Re: A Comeback Post (Assignment related)
Posted: Sat Jun 26, 2021 10:43 pm
by Asif Hossain
Anindya Biswas wrote: ↑Fri Jun 25, 2021 8:08 pm
Acceleration is the second derivative of position with respect to time.
The position of the object is given by,
$y(t)=v_0t-\frac12gt^2$
$\Rightarrow y''(t)=-g$
Some confusion is arising that since the object was moving upwards, there should be an upward force acting on that object, and the gravitational force cancelled that force and the total force should be zero.
But the problem is, there was no force acting on that thing upwards. The upward force acted when it was in our hand. As soon as it left the ground, all upward forces stopped acting and the object moved upward for its inertia. So gravitational force never cancelled anything, it was the only force acting there.
-g or g??
Re: A Comeback Post (Assignment related)
Posted: Sat Jun 26, 2021 11:48 pm
by Anindya Biswas
Asif Hossain wrote: ↑Sat Jun 26, 2021 10:43 pm
Anindya Biswas wrote: ↑Fri Jun 25, 2021 8:08 pm
Acceleration is the second derivative of position with respect to time.
The position of the object is given by,
$y(t)=v_0t-\frac12gt^2$
$\Rightarrow y''(t)=-g$
Some confusion is arising that since the object was moving upwards, there should be an upward force acting on that object, and the gravitational force cancelled that force and the total force should be zero.

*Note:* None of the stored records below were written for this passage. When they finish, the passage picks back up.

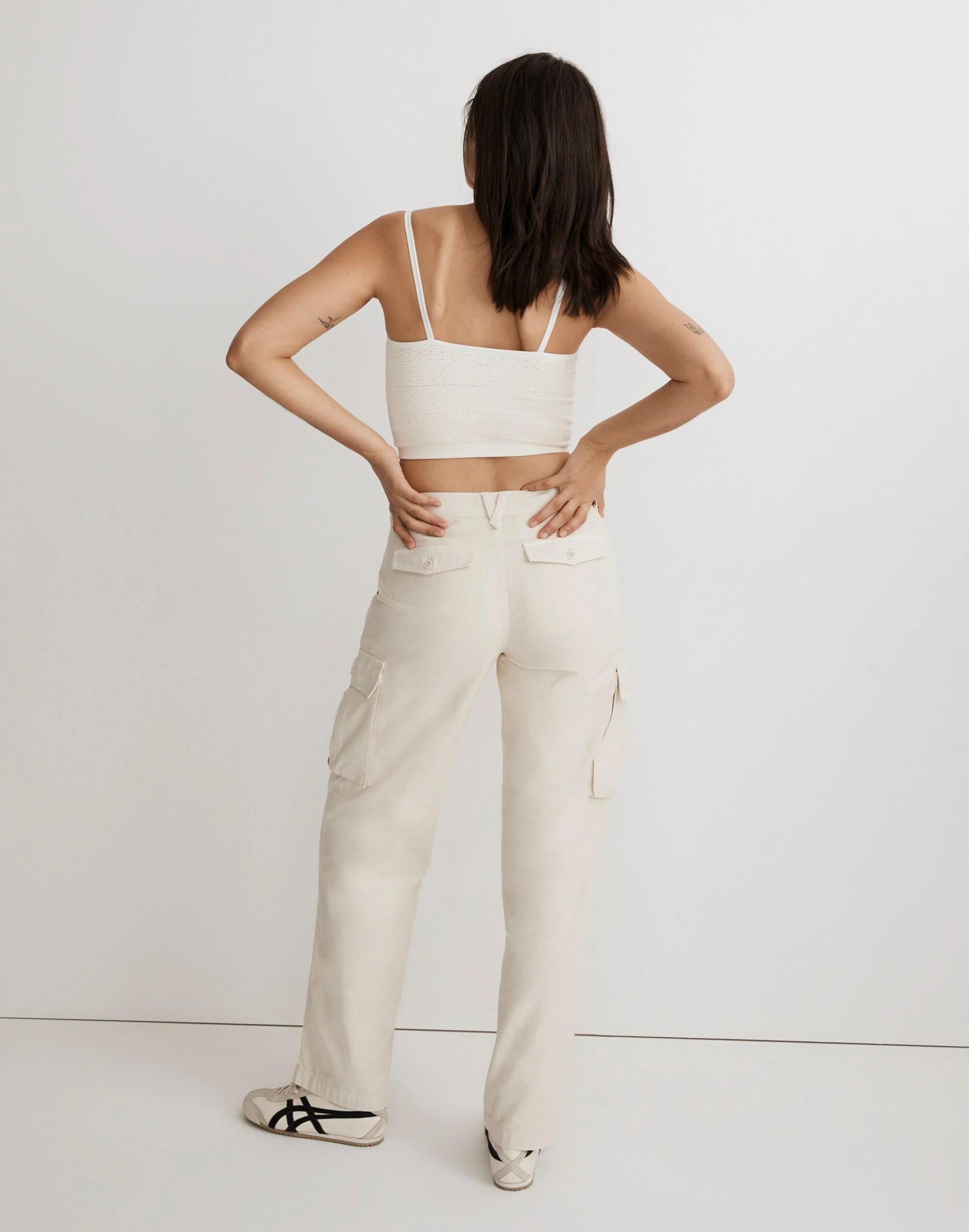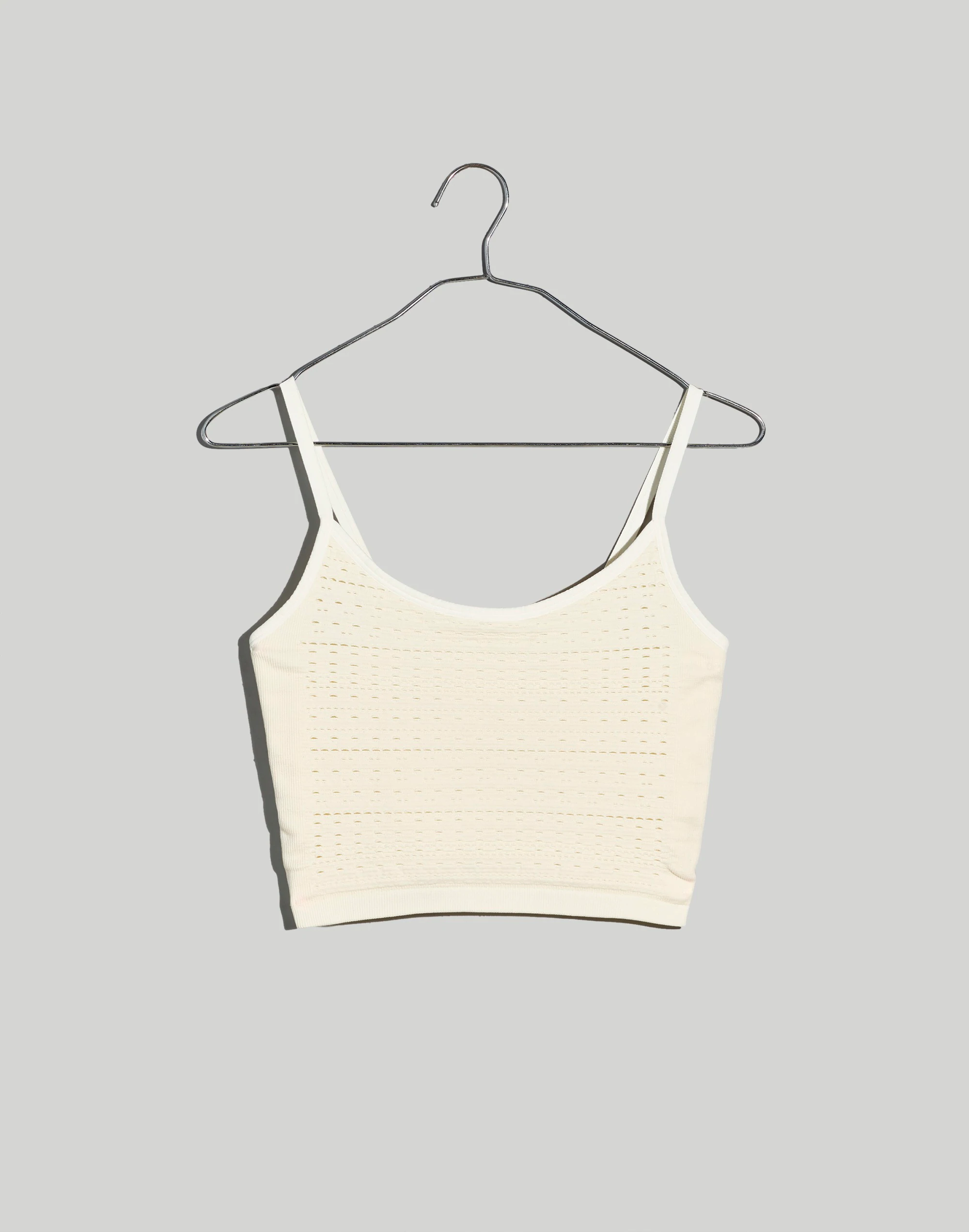 The fabric: double layered, supersoft and buttery against the skin, this brand-new pointelle version of our MWL Seamless has serious bounce-back power (and is made with recycled nylon). The fit: slim and cropped, this versatile tank has delicate cami straps.
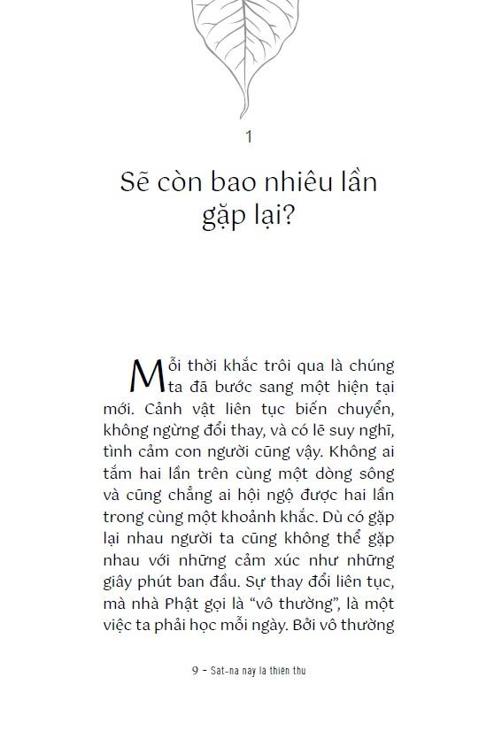 “Sát-na này là thiên thu” là cuốn sách được tác giả viết cho chính m.ình cũng là viết cho những người hữu duyên trên con đường hiểu và thương bất tận. Trong triết lý Phật giáo, Sát-na (Kṣaṇa) là một đơn vị phân chia thời gian vô cùng nhỏ (một sát-na bằng 0,013 giây) mà mọi thứ thay đổi, biến chuyển liên tục, không ngừng – một sát-na trôi qua đã có muôn vàn sự đổi thay, sinh diệt. Điều này có nghĩa là không có một cái gì tồn tại mãi mãi và chúng ta chỉ có một thời khắc để sống trọn vẹn trong chánh niệm, tỉnh giác – đó là giây phút hiện tại.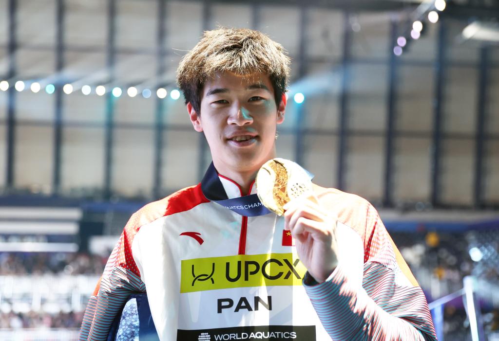 2023年9月24日,冠军中国选手潘展乐在颁奖仪式上。潘展乐以46秒97的成绩获得冠军并创造男子100米自由泳新的亚洲纪录。新华社记者 黄宗治 摄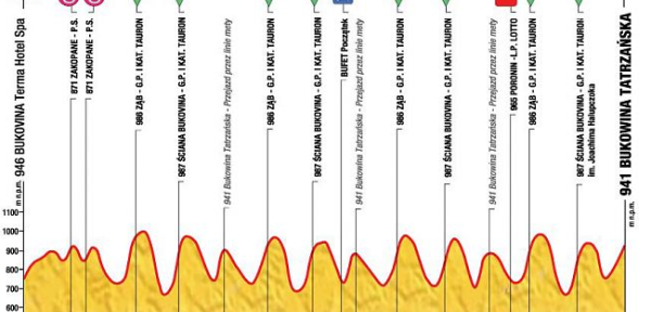 The climb to Bukowina ends the race and is on a long, straight road. This is the easier of the two climbs, but still very hard.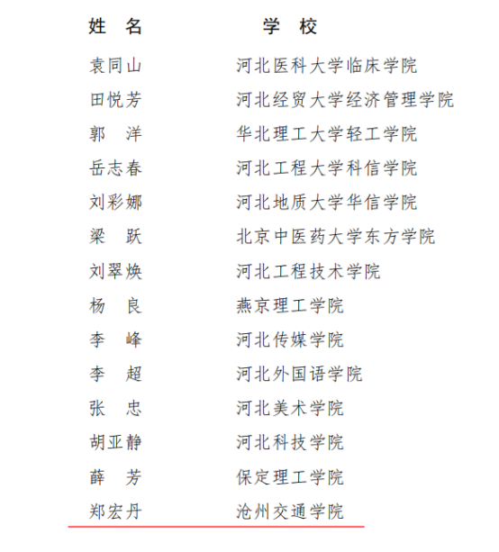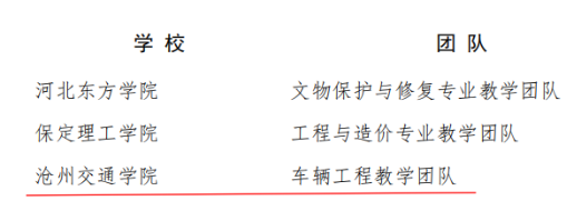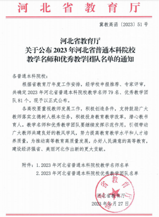 近日,河北省教育厅发布了《关于公布2023年河北省普通本科院校教学名师和优秀教学团队名单的通知》(冀教高函〔2023〕51号),Beat365经济管理学院郑宏丹副教授喜获2023年度河北省普通本科院校教学名师称号,机械与动力工程学院杨树岗副教授带领的“车辆工程教学团队”荣获2023年度河北省普通本科院校优秀教学团队。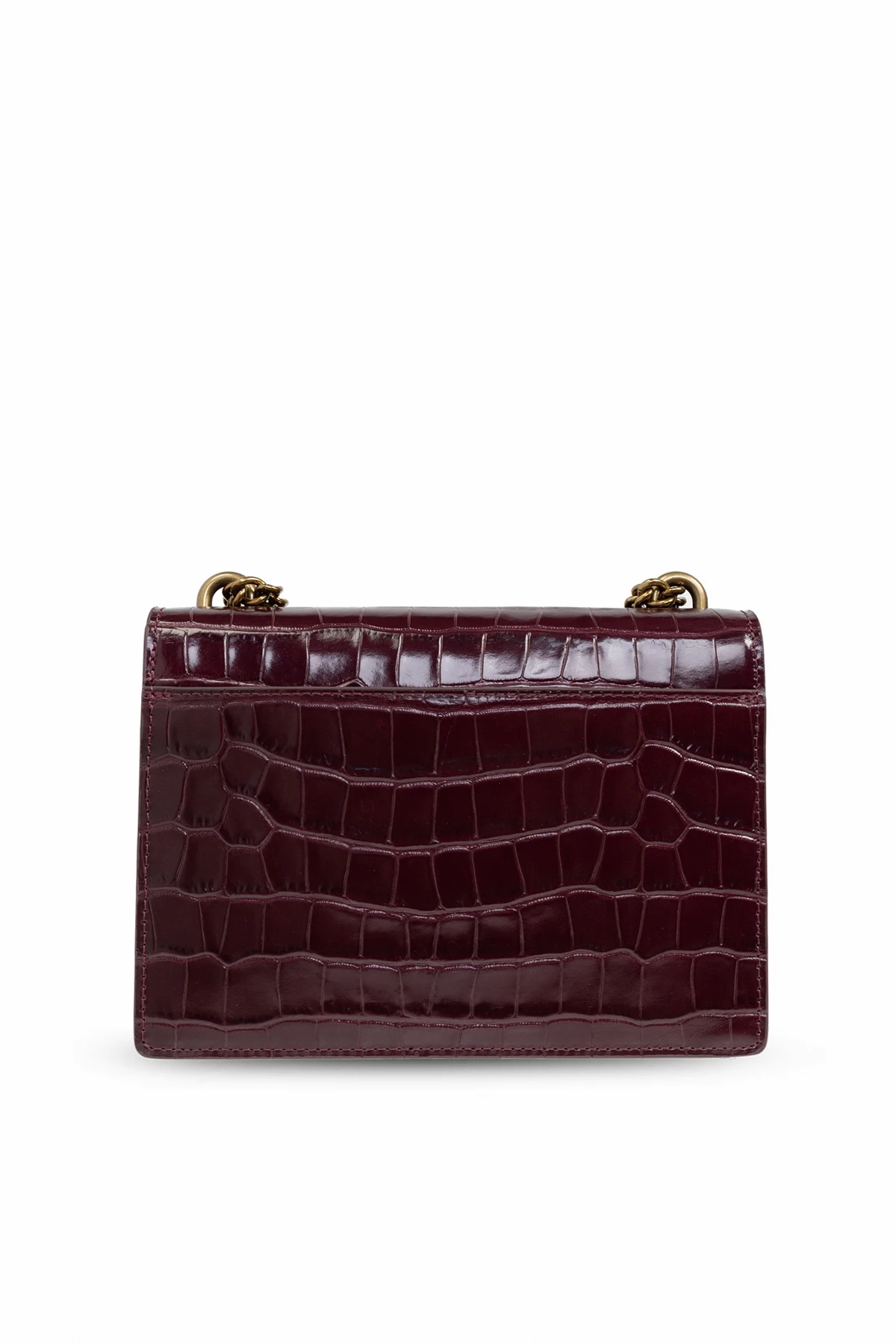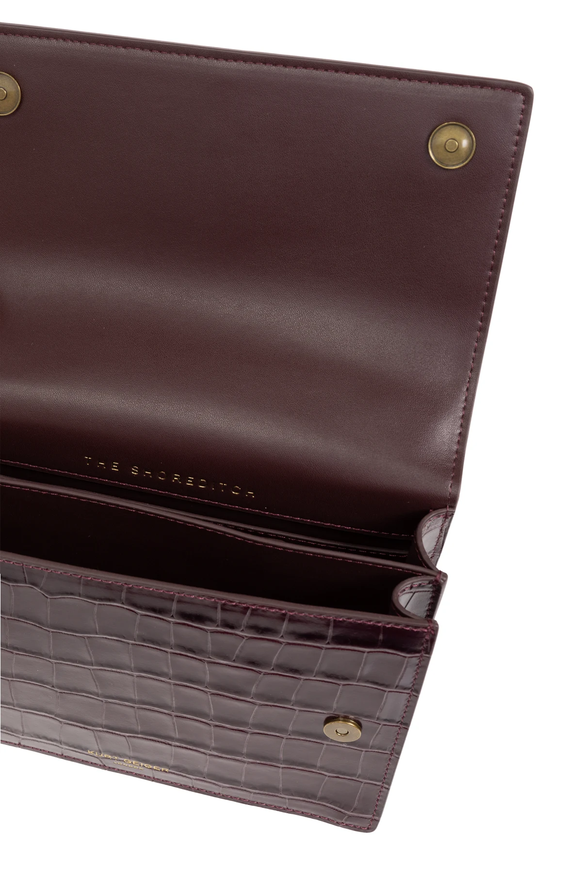 Die Tasche hat eine rechteckige Form und ist aus hochwertigem Leder gefertigt, das geprägt ist, um Krokodilleder zu imitieren. Die dominierende burgunderrote Farbe unterstreicht ihren raffinierten Charakter. Auf der Vorderseite der Tasche befindet sich ein dekorativer Verschluss in Form eines Tierkopfes, verziert mit farbigen Steinen, und eine goldene Kette dient als Schulterriemen. Das Ganze wird durch den Schriftzug "KURT GEIGER LONDON" in goldener Farbe vervollständigt.

But the problem is, there was no force acting on that thing upwards. The upward force acted when it was in our hand. As soon as it left the ground, all upward forces stopped acting and the object moved upward for its inertia. So gravitational force never cancelled anything, it was the only force acting there.
-g or g??
Well, the position function was upward displacement, so $-g$ is the upward acceleration. That means $g$ is the downward acceleration.
Re: A Comeback Post (Assignment related)
Posted: Sun Jun 27, 2021 8:09 pm
by sakib17442
Oops, sorry I misunderstood this and voted for 0. Please forgive me
Re: A Comeback Post (Assignment related)
Posted: Fri Feb 03, 2023 3:29 pm
by celinedion
Mehrab4226 wrote: ↑Fri Jun 25, 2021 10:10 am
I am also on the side of 98ms−2, because if the acceleration is 0 . Then the object is not supposed to move down. But it does move down. So it has acceleration.
mapquest driving directions
Me too!
Re: A Comeback Post (Assignment related)
Posted: Fri Sep 01, 2023 7:54 am
by otis
Mehrab4226 wrote: ↑Fri Jun 25, 2021 10:10 am
I am also on the side of $9.8 ms^{-2}$, because if the acceleration is $0$. Then the object is not supposed to move down. But it does move down. So it has acceleration.
slope game only up
That's right, I'm thinking like this.